Top of Records shown

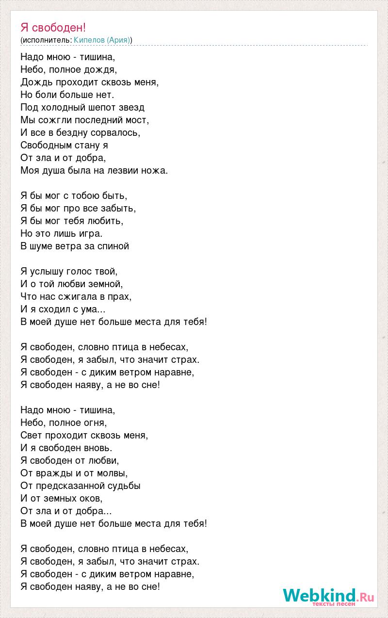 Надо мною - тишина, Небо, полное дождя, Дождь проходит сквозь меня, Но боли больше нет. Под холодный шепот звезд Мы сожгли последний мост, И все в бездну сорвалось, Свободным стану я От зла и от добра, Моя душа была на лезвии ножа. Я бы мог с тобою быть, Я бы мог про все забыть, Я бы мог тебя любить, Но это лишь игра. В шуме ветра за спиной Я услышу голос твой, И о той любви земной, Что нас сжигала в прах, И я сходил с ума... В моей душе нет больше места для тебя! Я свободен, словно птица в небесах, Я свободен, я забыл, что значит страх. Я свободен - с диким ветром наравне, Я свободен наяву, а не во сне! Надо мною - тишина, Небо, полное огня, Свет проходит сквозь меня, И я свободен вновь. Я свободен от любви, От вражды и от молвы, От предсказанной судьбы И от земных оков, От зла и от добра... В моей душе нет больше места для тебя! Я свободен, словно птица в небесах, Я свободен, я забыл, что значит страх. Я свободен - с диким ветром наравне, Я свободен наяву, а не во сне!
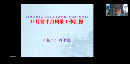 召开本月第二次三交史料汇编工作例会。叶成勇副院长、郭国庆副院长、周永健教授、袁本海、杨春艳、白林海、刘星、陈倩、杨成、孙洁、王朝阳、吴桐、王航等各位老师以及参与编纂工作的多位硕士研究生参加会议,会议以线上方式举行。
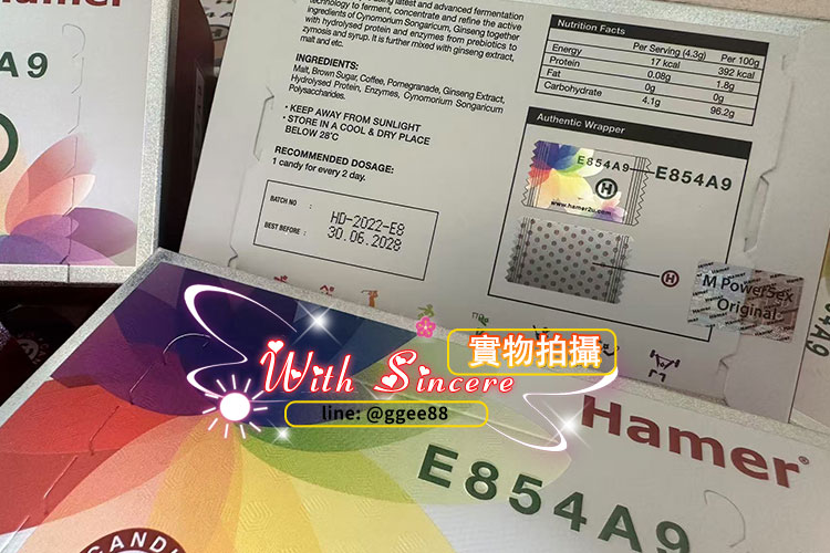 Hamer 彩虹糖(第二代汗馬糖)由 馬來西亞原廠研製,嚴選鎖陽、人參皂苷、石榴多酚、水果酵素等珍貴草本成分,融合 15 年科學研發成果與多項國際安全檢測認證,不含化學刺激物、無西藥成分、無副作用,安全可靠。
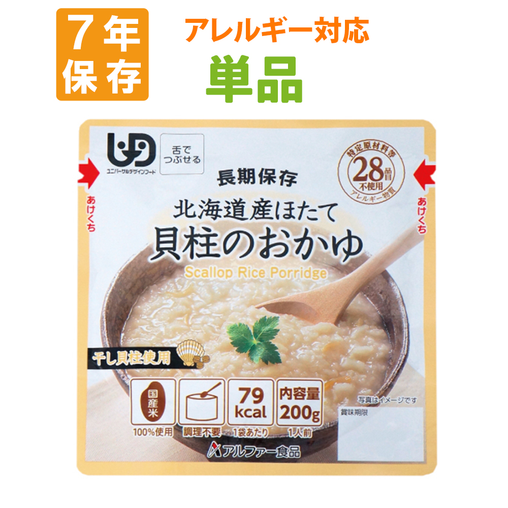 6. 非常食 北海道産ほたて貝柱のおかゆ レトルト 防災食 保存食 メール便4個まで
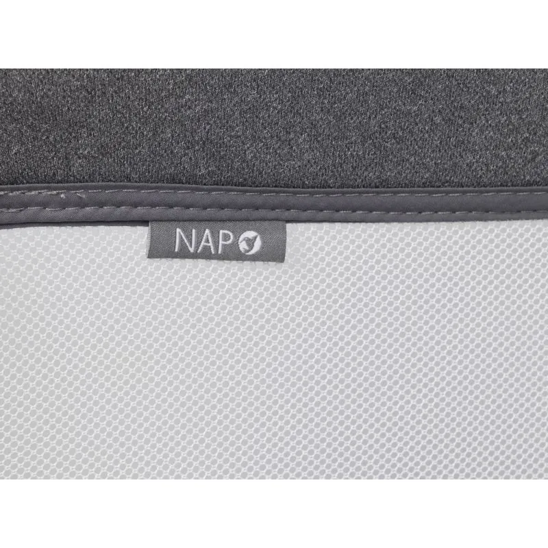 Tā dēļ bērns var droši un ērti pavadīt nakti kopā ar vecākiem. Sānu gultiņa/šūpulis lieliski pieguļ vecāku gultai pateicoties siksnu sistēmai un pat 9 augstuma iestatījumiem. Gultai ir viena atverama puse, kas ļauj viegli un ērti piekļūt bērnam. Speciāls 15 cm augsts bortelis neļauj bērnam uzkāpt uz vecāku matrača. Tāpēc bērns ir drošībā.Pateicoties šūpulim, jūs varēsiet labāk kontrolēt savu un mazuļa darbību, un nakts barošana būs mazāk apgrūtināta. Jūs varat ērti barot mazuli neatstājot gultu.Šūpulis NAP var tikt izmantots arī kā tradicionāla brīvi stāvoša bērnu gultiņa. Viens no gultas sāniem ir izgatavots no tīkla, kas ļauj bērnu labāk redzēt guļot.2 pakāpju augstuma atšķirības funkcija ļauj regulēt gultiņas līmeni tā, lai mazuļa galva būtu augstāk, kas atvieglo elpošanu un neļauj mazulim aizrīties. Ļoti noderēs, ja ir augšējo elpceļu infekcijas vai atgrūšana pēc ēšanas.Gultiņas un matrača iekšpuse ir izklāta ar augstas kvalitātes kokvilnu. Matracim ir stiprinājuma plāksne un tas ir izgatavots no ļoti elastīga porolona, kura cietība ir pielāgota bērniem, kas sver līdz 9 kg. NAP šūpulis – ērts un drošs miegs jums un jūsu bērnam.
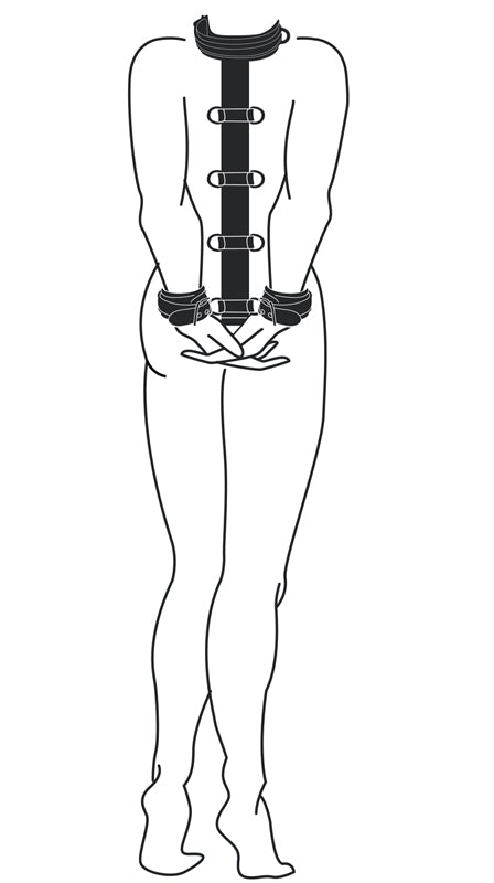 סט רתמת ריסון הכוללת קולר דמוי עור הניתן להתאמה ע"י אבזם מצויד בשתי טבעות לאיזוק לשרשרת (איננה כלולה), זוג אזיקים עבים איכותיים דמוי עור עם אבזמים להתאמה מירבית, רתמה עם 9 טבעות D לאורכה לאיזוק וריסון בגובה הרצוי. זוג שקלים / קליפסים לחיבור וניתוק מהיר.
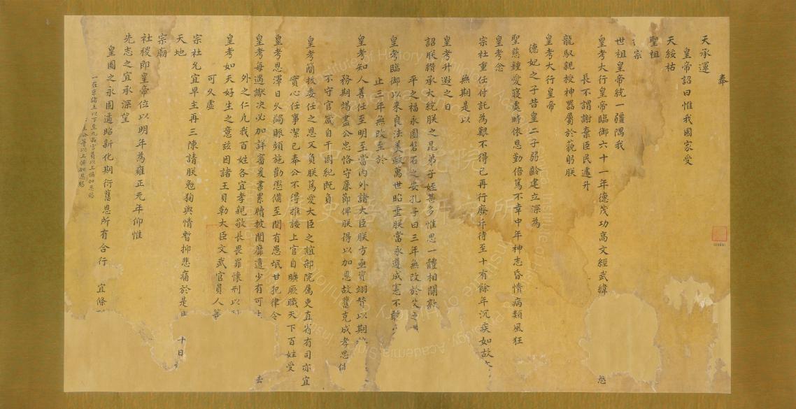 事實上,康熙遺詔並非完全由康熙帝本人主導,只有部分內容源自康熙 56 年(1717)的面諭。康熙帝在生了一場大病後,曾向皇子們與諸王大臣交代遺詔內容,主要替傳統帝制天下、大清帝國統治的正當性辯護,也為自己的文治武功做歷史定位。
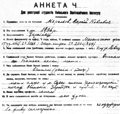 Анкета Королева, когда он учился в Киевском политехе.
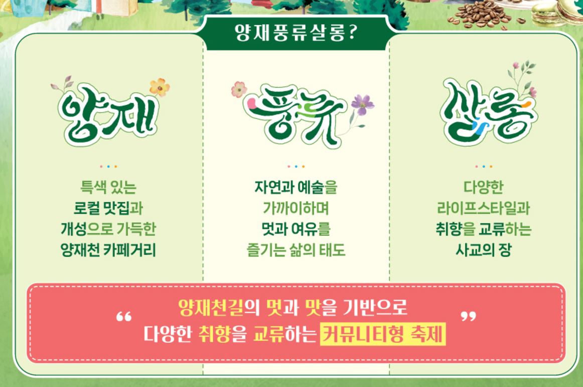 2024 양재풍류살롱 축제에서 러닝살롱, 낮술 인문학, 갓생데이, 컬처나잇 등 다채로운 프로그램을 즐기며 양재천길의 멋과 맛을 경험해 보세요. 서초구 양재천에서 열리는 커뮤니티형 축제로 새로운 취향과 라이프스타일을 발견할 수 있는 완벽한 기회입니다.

Bottom of Records shown

▶ [Assignment]: Transcribe exactly the lines above, beginning at the one with "召开本月第二次三交史料汇编工" and going up to and including the one with "6. 非常食 北海道産ほたて貝柱のおかゆ レトルト 防災食 保存食 メール便4個まで". Pictures do not belong in the copy.

▶ [Reply to the exercise]:
 召开本月第二次三交史料汇编工作例会。叶成勇副院长、郭国庆副院长、周永健教授、袁本海、杨春艳、白林海、刘星、陈倩、杨成、孙洁、王朝阳、吴桐、王航等各位老师以及参与编纂工作的多位硕士研究生参加会议,会议以线上方式举行。
 Hamer 彩虹糖(第二代汗馬糖)由 馬來西亞原廠研製,嚴選鎖陽、人參皂苷、石榴多酚、水果酵素等珍貴草本成分,融合 15 年科學研發成果與多項國際安全檢測認證,不含化學刺激物、無西藥成分、無副作用,安全可靠。
 6. 非常食 北海道産ほたて貝柱のおかゆ レトルト 防災食 保存食 メール便4個まで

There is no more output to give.